Following on from CodeNewbie's question "From Puzzling to Stack Exchange", I thought I would set a problem of my own using the same rules:
Rules:
In any move, you can either replace a letter, add a letter, remove a letter, split a word or combine two words. These are the five valid moves, and only one of these can be applied in a move.
After each move, each of the resulting words must be valid by itself, even if it makes no sense as a phrase. To level the playing field, only words found on Dictionary.com are considered valid. No proper nouns, abbreviations, prefixes or suffixes allowed. (However, words like jack, john, jane etc. are allowed as they are used as common nouns too.) Alternate spellings and archaic words are permitted, but words referring to specific persons, places or events are not valid.

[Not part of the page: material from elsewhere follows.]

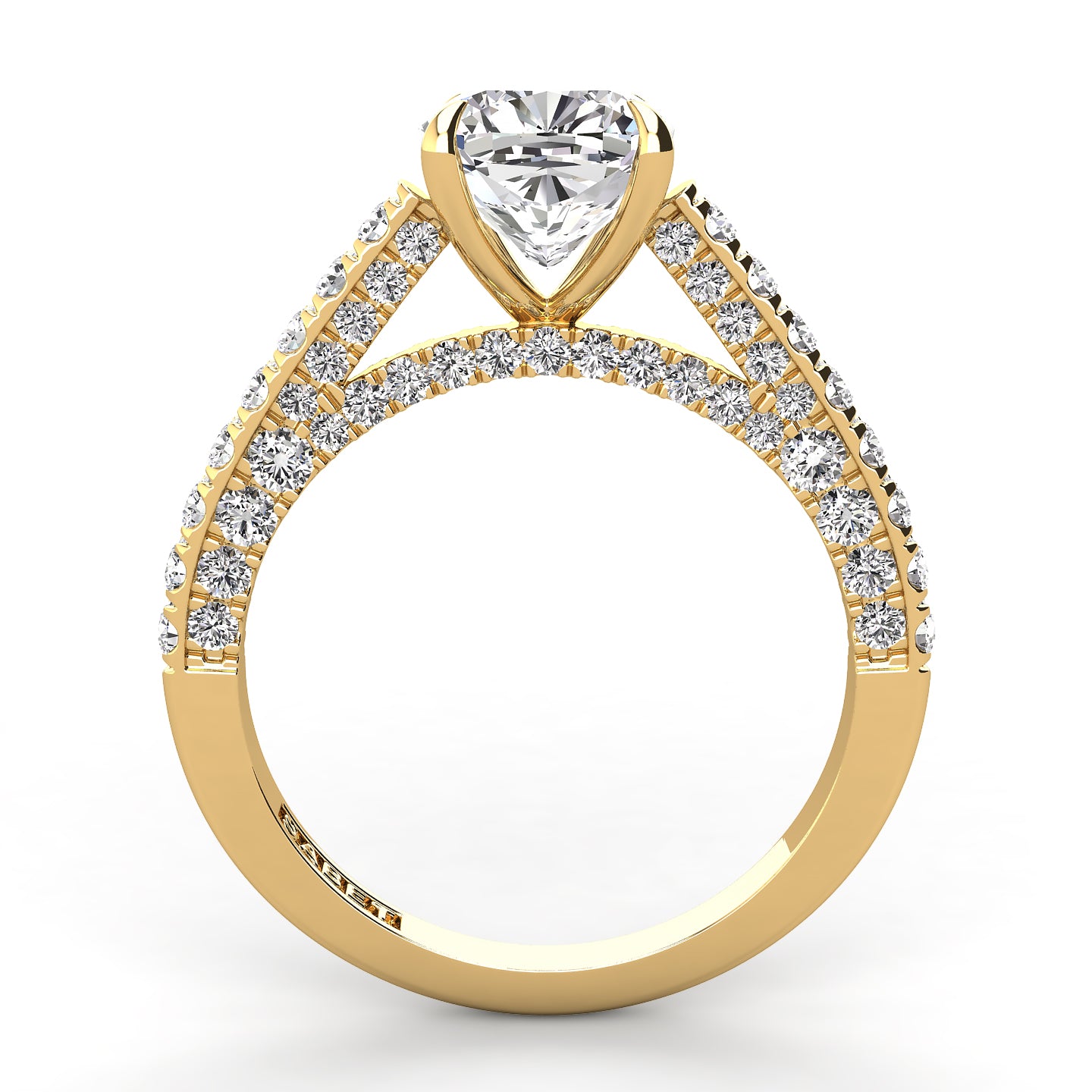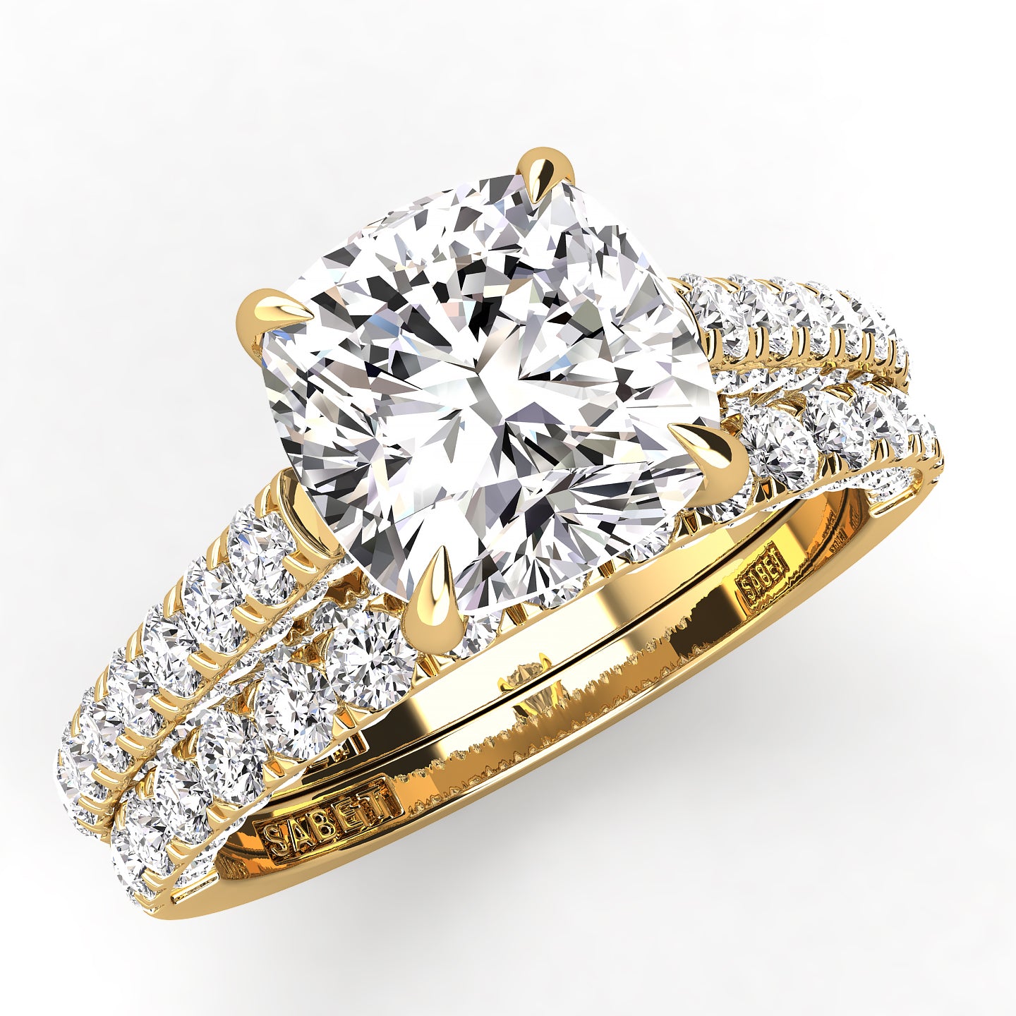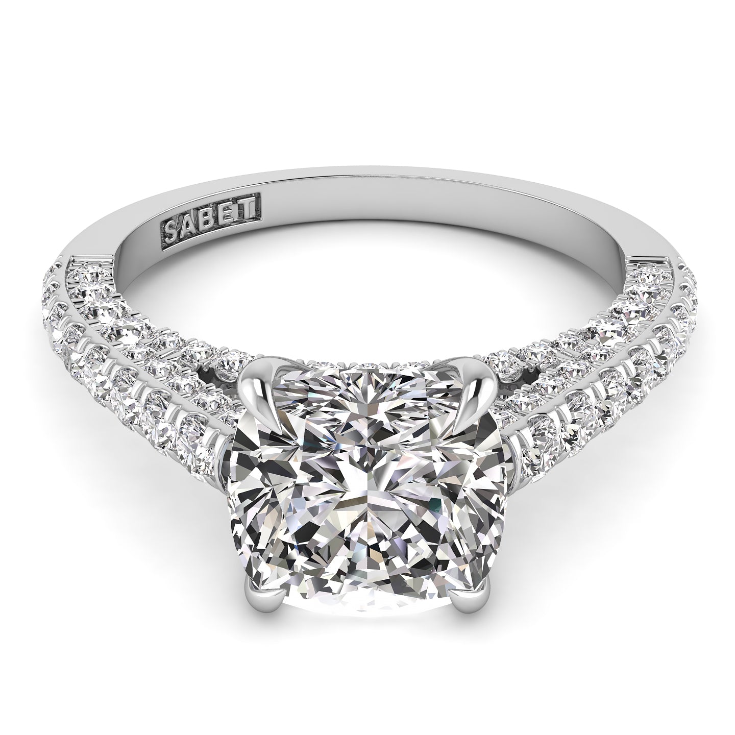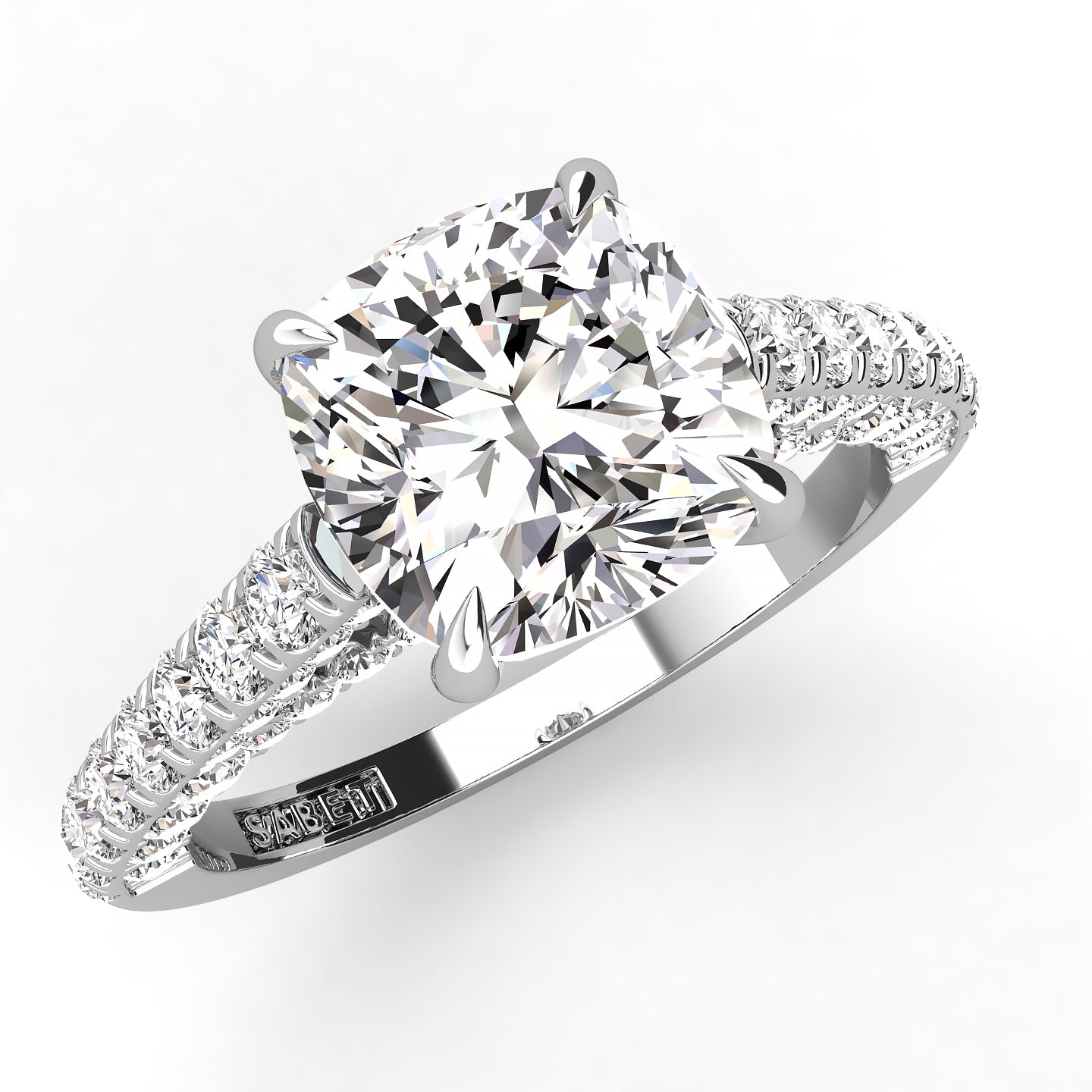 Discover our stunning cushion-cut engagement ring featuring a pave setting, three-sided diamond accents, diamond bridge detailing, and secure four-prong design. Perfectly crafted for timeless elegance and maximum sparkle, this ring is ideal for a luxurious engagement. Shop our cushion pave engagement rings with exquisite craftsmanship and breathtaking brilliance.

You may only add a letter to an existing word, but a new letter (such as a or I) cannot create a new word separately. Likewise, you cannot drop a letter from a one-letter word to remove it altogether.
The problem is that two of the words I chose Perfect and Answer appeared to be word islands. By this I mean that there doesn't appear to be any way to move from those words to any other words following the rules above (except, of course for the trivial case of adding an S to the end which doesn't help the transition to anything else).
Question
What is the shortest word that anyone can find which is also a word island? (I'll accept answers where it is one of a pair of words where the only valid moves are back and forwards between them)
Of course, I would be glad to hear if my two examples are not, in fact, islands after all.